Again, I think, David, we can all sit here and presume what it might be but the real key is how long the well keeps flowing. If the well is shut in, the cost escalation actually starts to go down as opposed to up. And so I think we've got to be careful not to try to speculate as to number ranges. Bob can speak to the insurance here on one second relative to how we view the world out there in terms of coverage. And we feel good that we got in place, we feel that if things happen and we're blessed in this process, there might be plenty there. So Bob, I don't if you want to walk through any of that?

Robert Gwin

Sure, I'll address that, David. If you think in terms of the rate of spend that we hear coming out in the unified command at this stage of about $68 million per day, then obviously our coverage in the $178 million range would represent about two to three months. However, I think it's important to keep in mind that as we start drilling the relief well, the rate of change certainly will change and the timing of that expenditure will be somewhat variable. So we're looking at it as based on what we see today in insurance to cover the next few months. And as Jim mentioned, there's a lot of uncertainty around how far this will go into the future and what the ultimate remediation cause will be.

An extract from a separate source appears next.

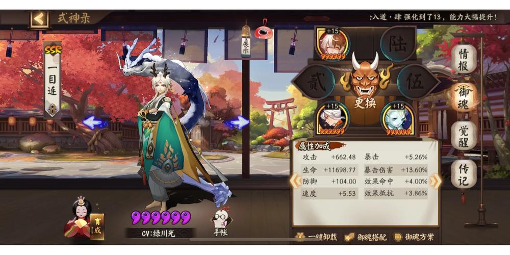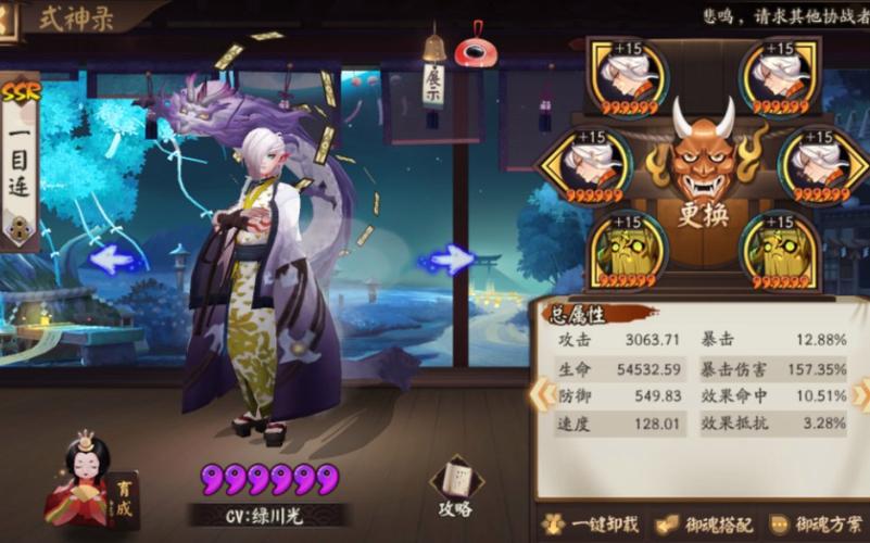〖壹〗、破势4件套 2件暴击(2号位:攻击,4号位:攻击,6号位:暴击):这套御魂是苍风一目连最常用的搭配之一。不仅可以增强其输出能力,还能提升风盾的保护效果。需要注意的是,该套御魂需要满暴击率,攻击和暴击伤害越高越好。

But the insurance piece, I think, cover a couple of the three months worth of that time.

James Hackett

And David, just one other thing that I'm sure early in the phone as to where -- if there are other considerations here to. As Bob discussion really assumes that there's no liability anywhere along the chain or any source of the insurance outside of our own proprietary insurance. And that isn't necessarily going to be the case.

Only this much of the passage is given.